# Exercise instructions
Two lines below mark the span: the one containing "Мережевий фільтр ТВ-Т06, 1" and the one containing "Набор спичек к". Set down both, plus every line between, exactly as they stand, and nothing else.

# The records
* * * * *
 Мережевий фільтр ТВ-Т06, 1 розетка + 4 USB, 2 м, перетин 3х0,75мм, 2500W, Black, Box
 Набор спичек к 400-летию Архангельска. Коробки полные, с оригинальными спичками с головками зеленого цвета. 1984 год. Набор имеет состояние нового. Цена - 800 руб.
* * * * *
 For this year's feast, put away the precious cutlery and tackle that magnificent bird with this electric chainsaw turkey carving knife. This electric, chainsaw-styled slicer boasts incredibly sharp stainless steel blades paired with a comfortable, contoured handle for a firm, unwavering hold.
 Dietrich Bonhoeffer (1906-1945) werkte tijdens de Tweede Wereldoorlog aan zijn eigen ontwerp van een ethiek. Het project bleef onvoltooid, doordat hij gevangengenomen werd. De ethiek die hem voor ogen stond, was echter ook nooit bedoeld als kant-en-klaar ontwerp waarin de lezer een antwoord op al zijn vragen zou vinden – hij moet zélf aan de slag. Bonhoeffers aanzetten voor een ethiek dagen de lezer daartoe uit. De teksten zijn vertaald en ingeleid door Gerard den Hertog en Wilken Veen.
* * * * *
# Response
 Мережевий фільтр ТВ-Т06, 1 розетка + 4 USB, 2 м, перетин 3х0,75мм, 2500W, Black, Box
 Набор спичек к 400-летию Архангельска. Коробки полные, с оригинальными спичками с головками зеленого цвета. 1984 год. Набор имеет состояние нового. Цена - 800 руб.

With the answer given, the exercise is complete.